I am NOT that Resident. I’m not the one who hates residency. On most days I am so excited to serve patients and work with amazing colleagues. But I fear I have become THAT Resident. The grumpy one. The one who doesn’t want to be here. The PICU and its acuity has brought it out. Stealing the “oomf” from my life. Encouraging family members and friends have given me pep talks as I weep into the phone about how draining dealing with such critically ill children and their families has been; children with devastating neurologic damage or those with genetic syndromes with abysmal prognosis.

And top off the emotional heaviness with the fact that my brain just doesn’t work like this! The Attendings and Fellows are amazing. Without a single written note, they can recall doses of infusions from the prior week, what the Neurologist or Infectious Disease Consultant said 8 days ago, what I and other Residents said at every moment of the day, and various other details that I cannot ever imagine myself being able to recall without very detailed notes. Ventilators and infusions and cardiac physiology after a specific surgery, my brain screams out, “give me 5 minutes, 5 more minutes with the Peds In Review or Up-to-date and I promise I’ll have a detailed explanation!” but no, I have 2.5 seconds before I get the “you are dumb, hush up now” look. And of course I am now tachycardic and sweating and feeling hypoglycemic in the third hour of rounding.

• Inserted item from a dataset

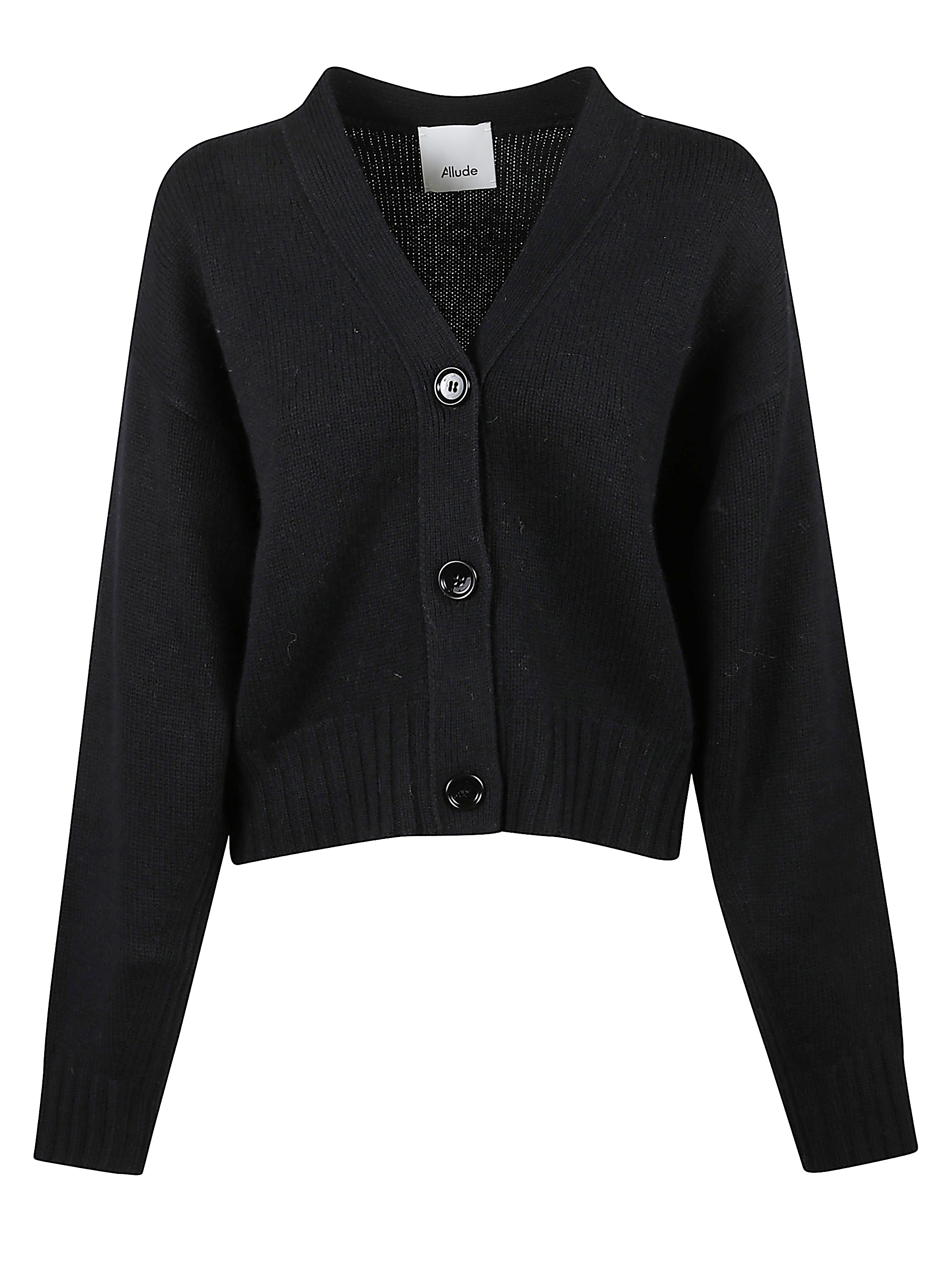Cardigan scollo a V di ALLUDE nero in lana e cashmere, caratterizzato da maniche lunghe, chiusura con bottoni e bordi a costine.

I have tried to somewhat let myself off of the hook. I will never be a great PICU Resident, but I’m getting better and might even be pretty darn good by the end, nor do I endeavor to become a great PICU Attending. As an aspiring primary care provider and maybe even a Nursery or part-time ER Attending I will know how to keep critically ill patients alive until the Intensivists arrive. And even now, I am keeping my patients alive. I am learning how to more efficiently and effectively manage their acute issues and prioritize. I have come up with some good ideas and my brain works really well sometimes. But feeling adequate most of the time, just doesn’t feel good. And then my brain screams that it just can’t work fast enough to be excellent in this setting. And I acquiesce because it’s right and this is something I’ll just have to come to terms with as I snuggle even more under my covers while pressing snooze one more time. Because now more than ever, my brain needs its rest.